Dalam hal perusahaan yang melakukan PHK tanpa ada kesalahan pekerja, dapat dilihat dari dua teori etika yaitu menurut etika deontologi dan menurut etika teleologi. Menurut etika deontology, tindakan PHK oleh perusahaan bukanlah tindakan yang baik secara moral bagi pegawai karena membuat mereka kehilangan hak untuk mendapatkan kehidupan yang layak. Sedangkan menurut etika teleology, tindakan PHK itu baru dapat dinilai baik buruknya setelah diketahui tujuan dari PHK itu sendiri. Etika Utilitarisme maupun kebijaksanaan bisnis sama-sama bersifat teleologis, hal ini berarti bahwa keduanya selalu mengacu pada tujuan dan mendasarkan baik-buruknya suatu keputusan berdasarkan tujuan/akibat/hasil yang akan diperoleh . Hal ini berarti bahwa,dari sudut pandang utilitarisme, PHK dapat diterima apabila tujuannya baik, walaupun dengan cara yang tidak baik (PHK). Contoh, jika dengan melakukan pemutusan hubungan kerja 50% karyawan dapat menyelamatkan kondisi perusahaan dan dapat menjaga keberlangsungan kerja 50% karyawan sisanya, maka menurut etika utilitarisme hal ini adalah baik. Tetapi, jika tujuan karyawan mem-PHK 50% karyawannya untuk mengurangi cost dan mendapatkan untung sebesar-besarnya, maka menurut utilitarisme, hal ini tidaklah baik karena hanya menguntungkan perusahaan dan melanggar prinsip “ mendatangkan keuntungan sebesar mungkin bagi sebanyak mungkin orang”. Kelemahan pandangan ini adalah hak sekelompok minoritas tertentu dikorbankan demi kepentingan pihak mayoritas, yang secara moral, hal ini bukanlah nilai yang utama.

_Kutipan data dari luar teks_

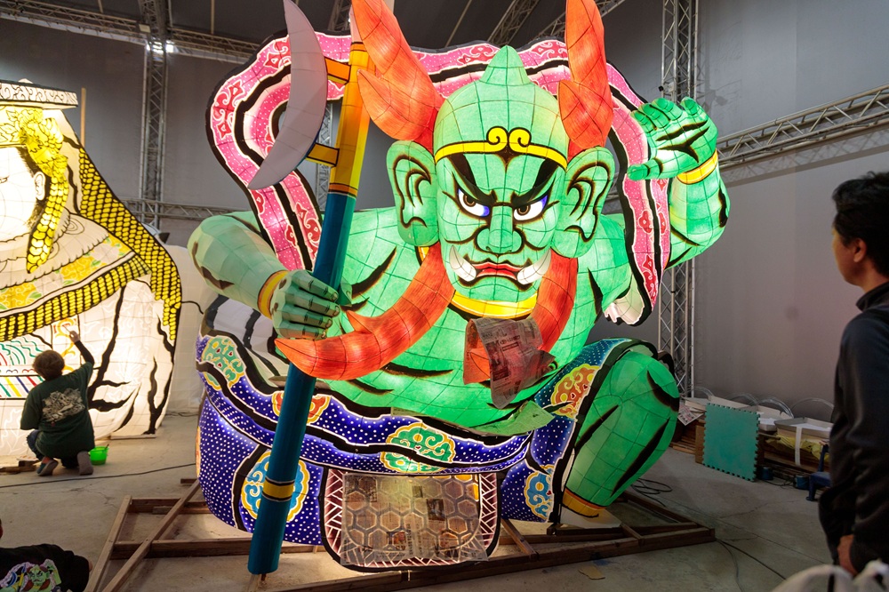 The Cultural and Tourism Bureau explained that the Nebuta masters are presenting the complete process on-site—from building the framework, pasting washi paper, to painting and coloring—bringing international-level artworks to life and infusing the 2026 Taiwan Lantern Festival with profound cultural exchange.
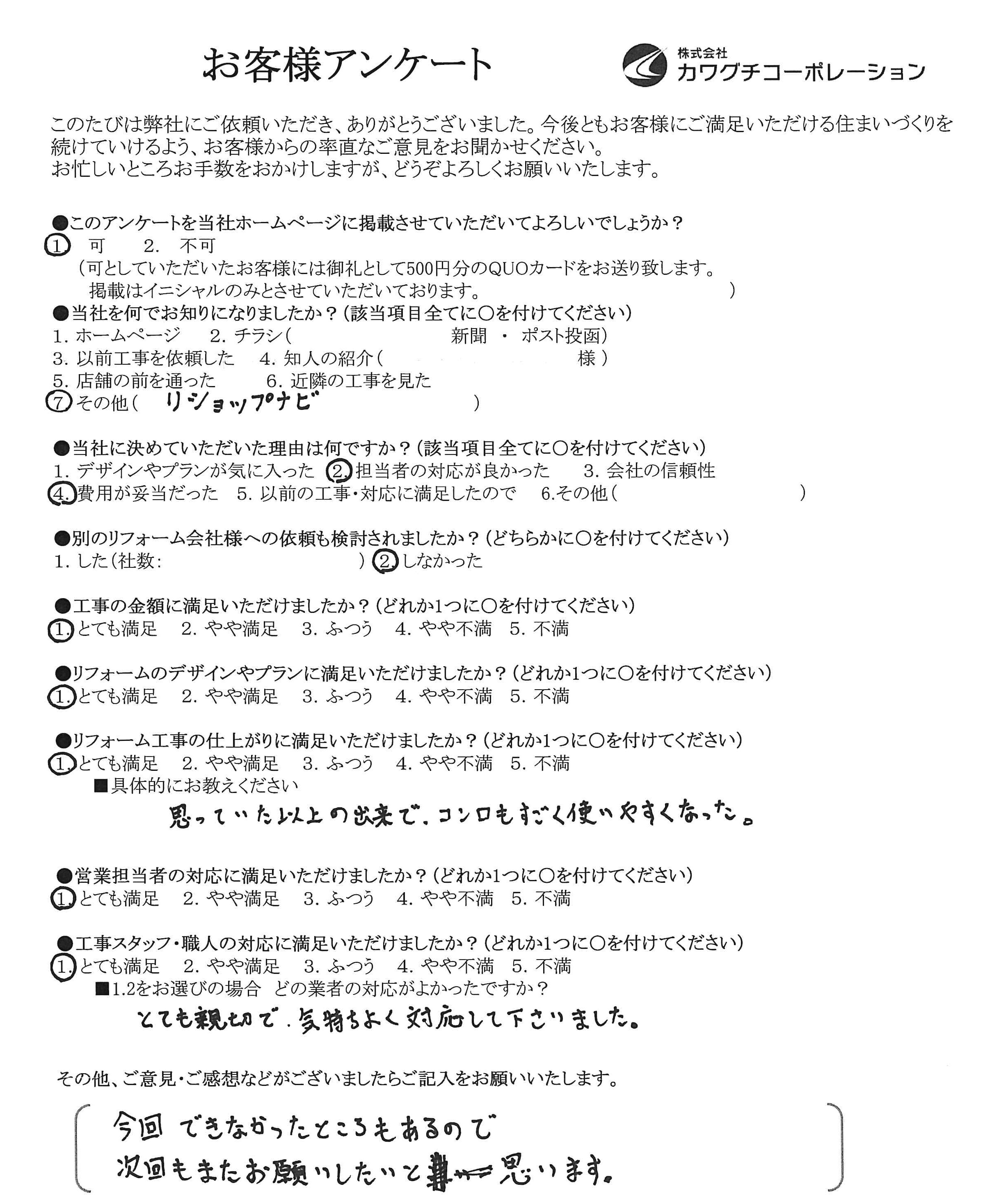 東大阪市 M様の声 水まわり交換、二部屋を一つの大きな部屋にリフォーム
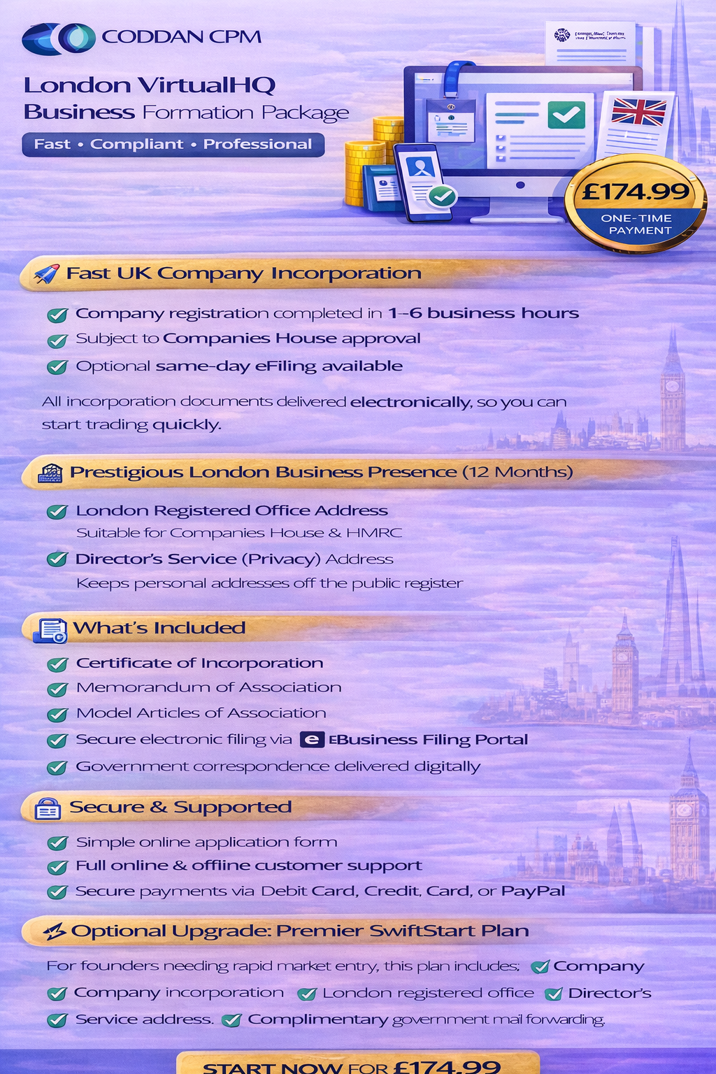 Form your company in the U.K. remotely together with a bank account opening, VAT application and business virtual office address service. If you want to form a company online cheaply, consider using services like Coddan CPM Ltd Formations, which often offer affordable “starter” package that include filing your articles of association for a low price, just be sure to check for extra fees like registered office service or filing reporting costs.
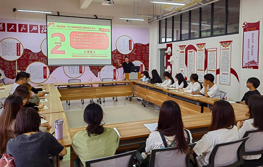 最后,黄锦书记作总结发言,要求大家应以高度的思想自觉、政治自觉与行动自觉在学习和工作中去贯彻落实好党的二十大精神,并希望老师们能紧紧围绕落实立德树人根本任务,培养德智体美劳全面发展的社会主义建设者和接班人,希望同学们能刻苦学习,自律自强,以自己的真才实学为建设“中国式现代化”贡献自己的一份力。
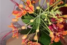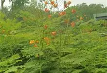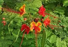 洋金凤 Sw.),豆科小凤花属灌木状或小乔木植物,枝无毛,绿或粉绿色;二回羽状复叶;总状花序伞房状,萼片无毛,花瓣橙红或黄色,圆形,花丝红色,子房无毛,花柱橙黄色;荚果窄而薄,…全部>>
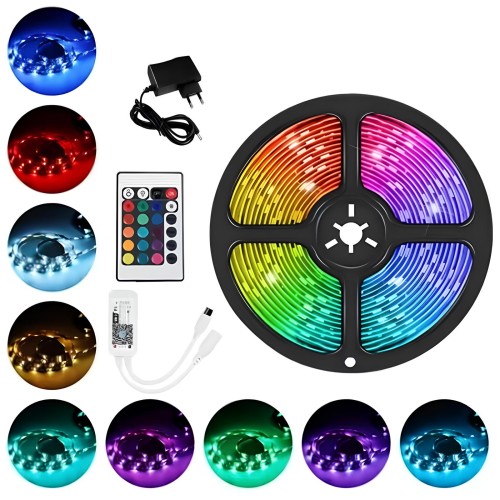 A Fita LED RGB com 3 metros é perfeita para decoração de ambientes, oferecendo iluminação colorida e personalizada. Acompanha controle remoto multifunções que permite escolher cores, modos de transição (flash, fade, smooth, strobe) e intensidade da luz. Fácil de instalar, pode ser aplicada em móveis, tetos, paredes, vitrines e veículos, criando efeitos modernos e sofisticados.
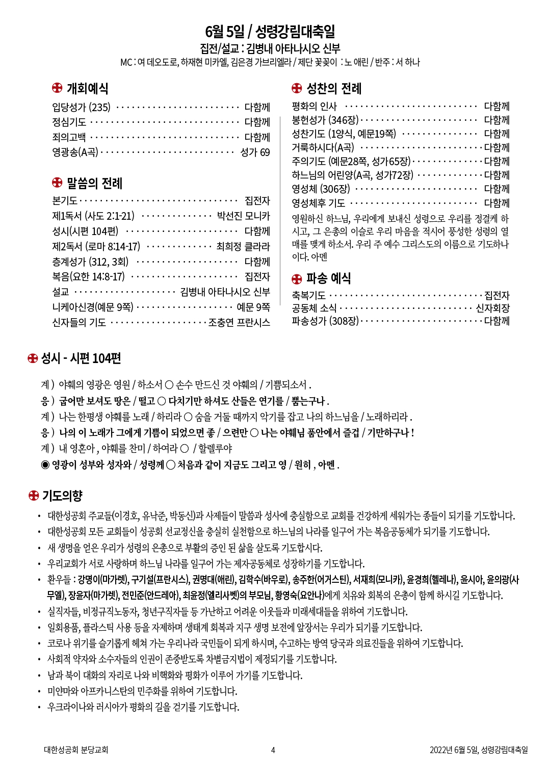 성령강림주일 교회주보
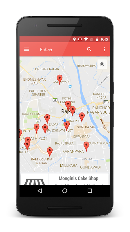 This app use Google Maps™ and Places API to find and plot locations and accuracy of the data provided by Google Maps™.
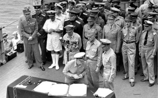 1945年9月2日,日本东京湾,日本投降签字仪式在美国海军“密苏里”号战列舰上举行。
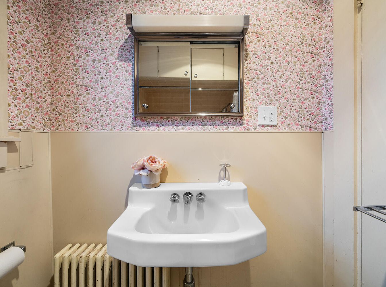 A compact bathroom featuring a vintage-style wall-mounted sink with a unique basin shape and chrome fixtures. Above the sink, a mirror is framed in metal, reflecting light. Surrounding the sink, a floral wallpaper in soft pinks and greens adds a touch of charm, enhancing the room’s warmth. Below, a white radiator complements the sink design, while a delicate vase with pink roses adds a decorative touch. The lower wall is painted in a muted cream, creating a gentle contrast to the lively wallpaper. Overall, the space combines functionality with nostalgic aesthetic appeal.
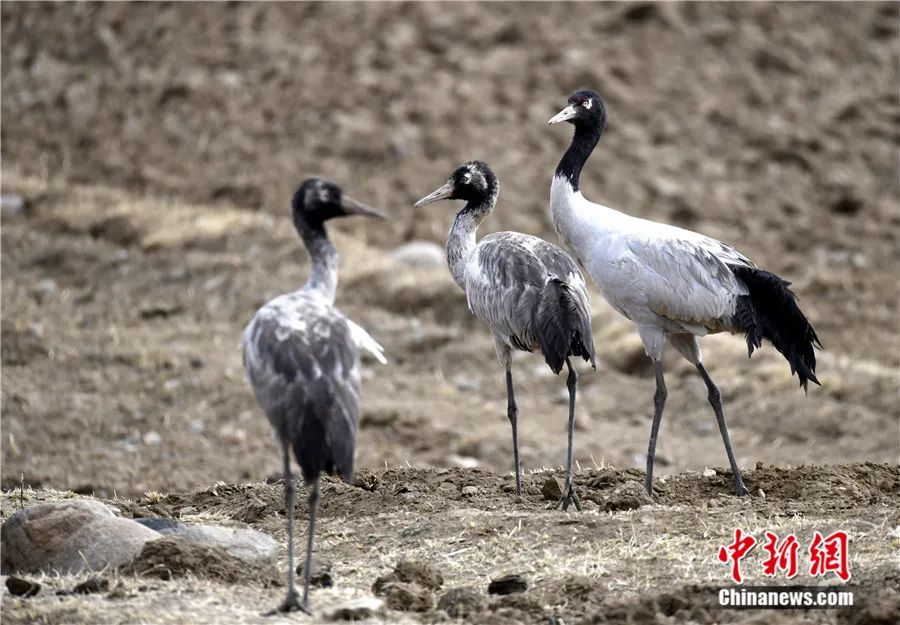 國家一級重點保護(hù)野生動物黑頸鶴在西藏拉薩楚布溝的農(nóng)田覓食。李林 攝
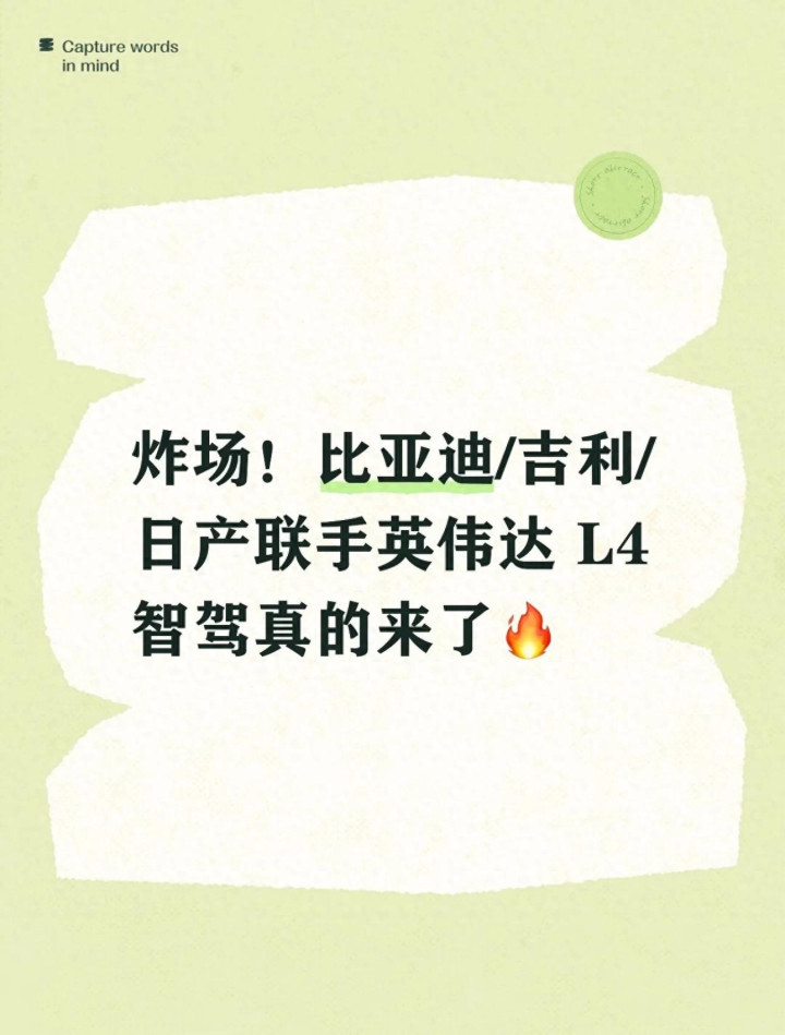 2026年3月的这场地作,注定会被载入汽车与科技行业的汗青。英伟达的AI算力,加上比亚迪、祥瑞、日产等车企的量产智商,让L4级高度自动驾驶告别实验室,肃穆进入量产倒计时。
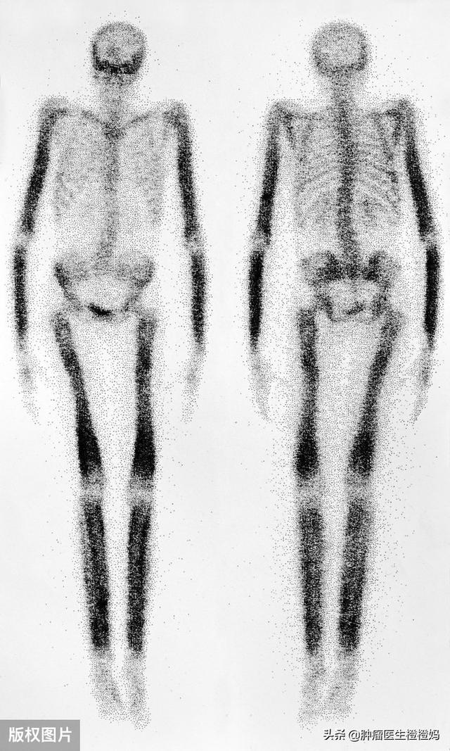 第二に、検査の結果に基づいている。癌の骨転移は、画像上、造骨性または溶骨性破壊として現れる。これは通常の骨病変とは大きく異なります。臨床的には、骨転移の有無を判断するために骨シンチを用いるのが一般的です。👆👆👆上图中,特别'黑'的地方可能就是骨转移!もちろん、他の検査で原発巣が見つからなければ、医師は骨転移が疑われるこの部位の骨組織の病理検査を選択することもあります。ひとつは本当に悪性腫瘍の骨転移なのかを判断すること、もうひとつは病理染色によってがん細胞がどこから発生したのかを判断することです。
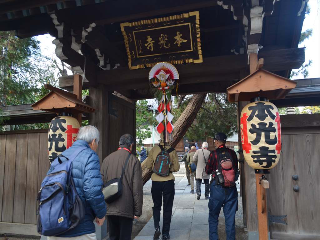 ③ 【本光寺】(大黒天)戦国時代末期から江戸時代初期にかけて、十乗院日能によって開山された。境内には七面堂があり、七面天女像が安置されている。この七面天女像は1699年(元禄12年)に紀州徳川家から寄進されたものといわれている。(境内にて記念写真)東へしばらく歩き 第二京浜を超え 南東しばらく歩きます
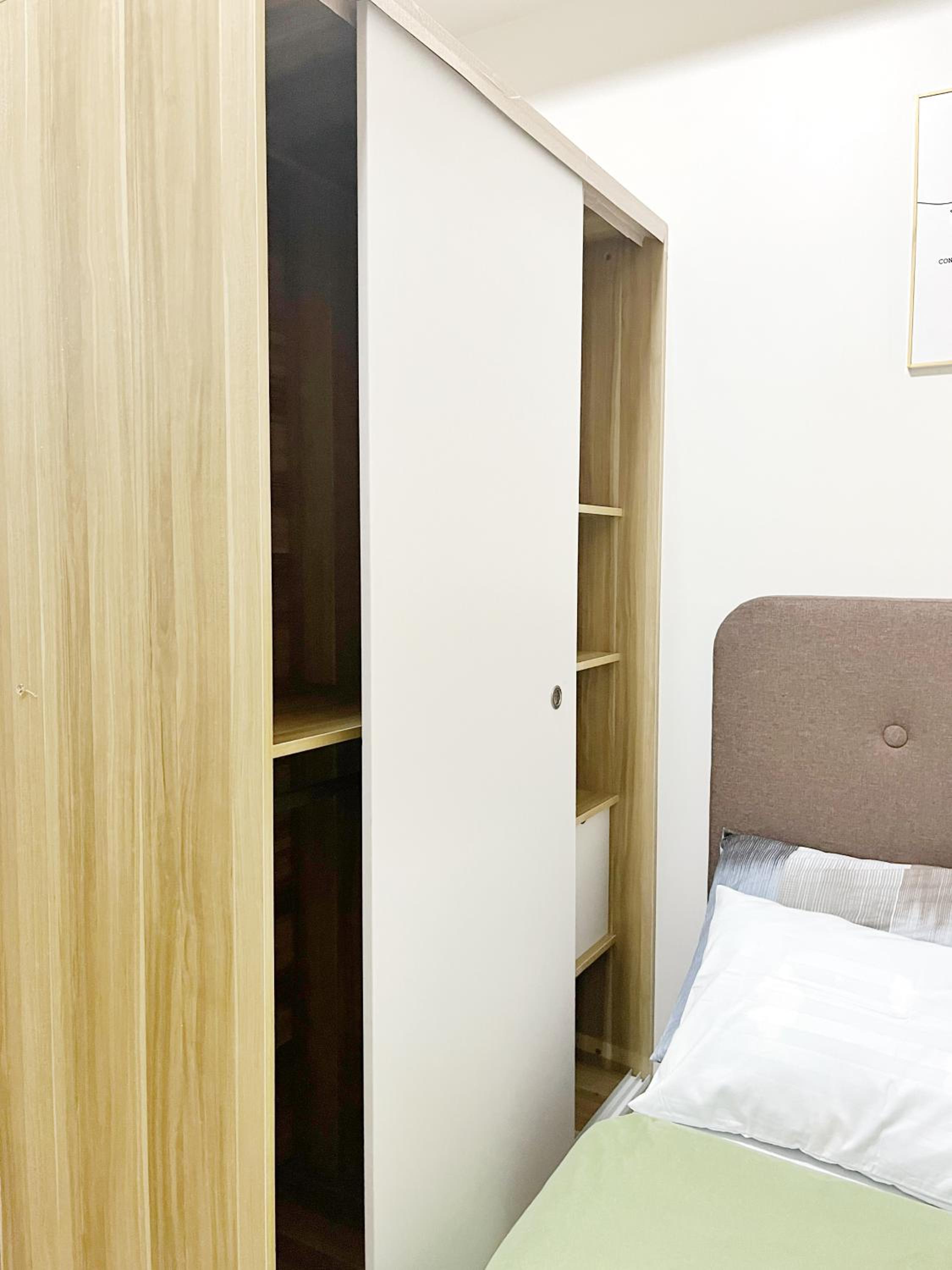 No cabinet or wardrobe.
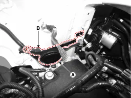 Befestigungsschraube lösen und Steckverbinder (B) abziehen, dann Alarmsirene ausbauen.
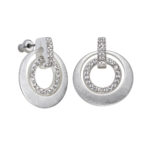 These earrings with rhinestones feature a stunning circle-in-a-circle design that truly catches the light. A dazzling circle of rhinestones is framed by a matte silver outer circle, joined together by a chic rhinestone stud post for a modern, sophisticated finish.
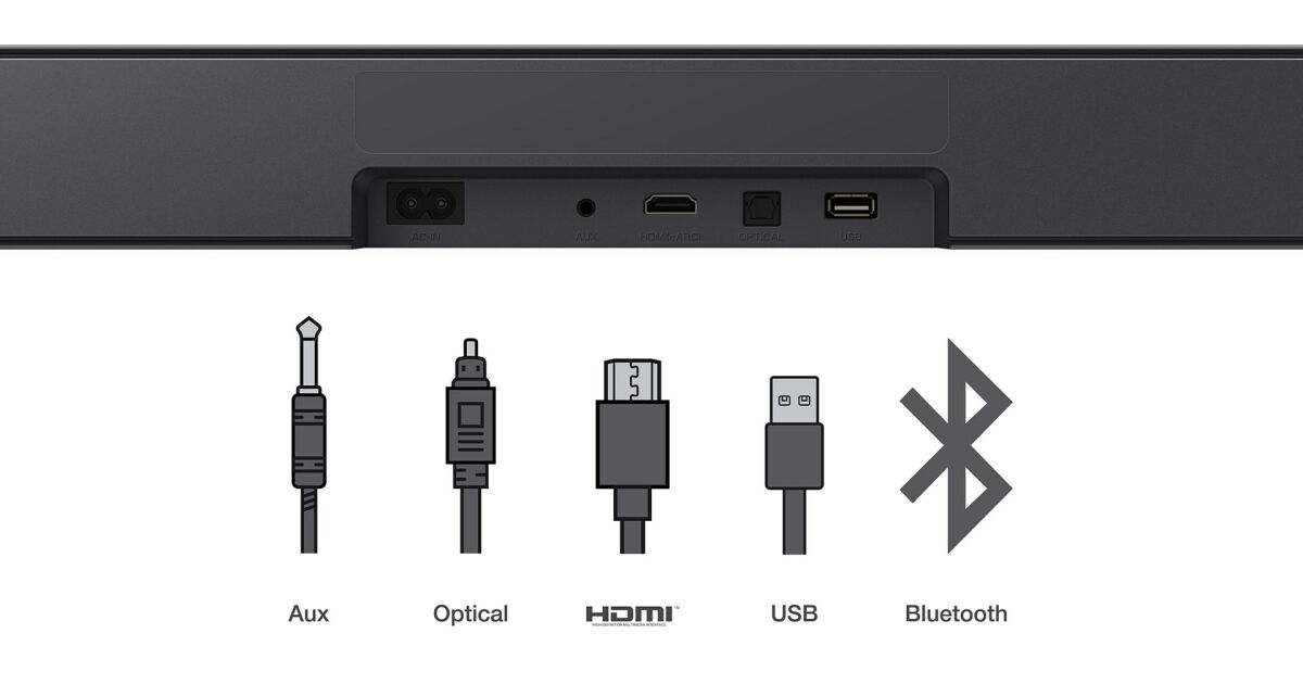 - Anschlüsse: 3,5 mm Klinke, AUX, digital optisch und HDMI. 🔌
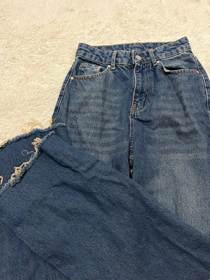 Lacivert parlak denim kumaştan, bol kesim ve midi boy kadın pantolon. Kürk detaylarıyla günlük rahat kullanıma uygun.
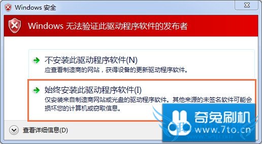 出现红色的驱动安装确认框,请选择“始终安装此设备驱动程序”。
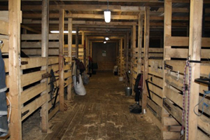 * светлая деревянная конюшня;
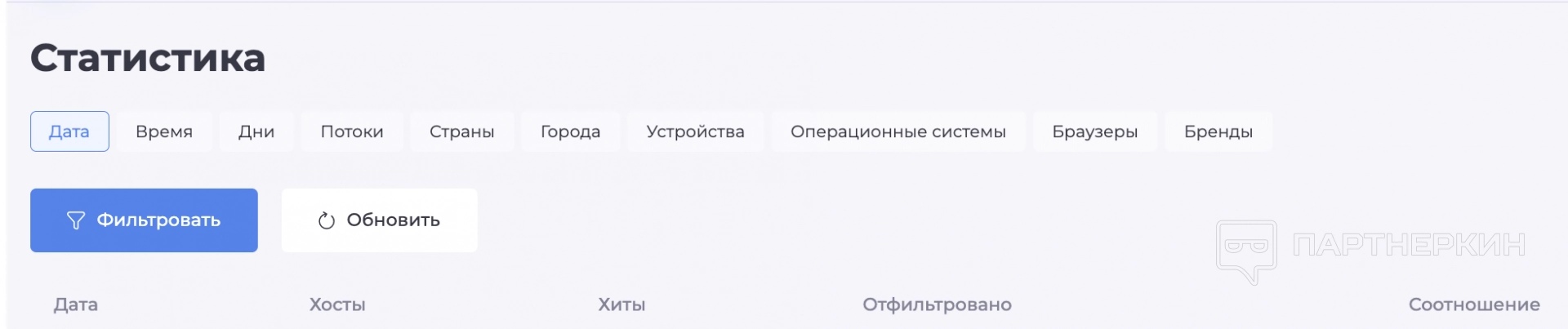 В разделе «Статистика» можно смотреть информацию с разбивкой по дате или потоку. Включая количество кликов, страны, ОС, браузеры, количество отфильтрованных кликов и их соотношение к тем, что прошли на black page:

Ketika perusahaan melakukan PHK, perusahaan tetap harus melakukan tanggung jawabnya yaitu tanggung jawab legal, tanggung jawab moral dan tanggung jawab sosial. Secara legal, perusahaan harus mengikuti peraturan yang berlaku seperti misalnya harus memperoleh penetapan Lembaga Penyelesaian Perselisihan Hubungan Industrial (LPPHI), dan wajib membayar uang pesangon (UP) dan atau uang penghargaan masa kerja (UPMK) dan uang penggantian hak (UPH) yang seharusnya diterima yang dihitung berdasarkan upah karyawan dan masa kerjanya.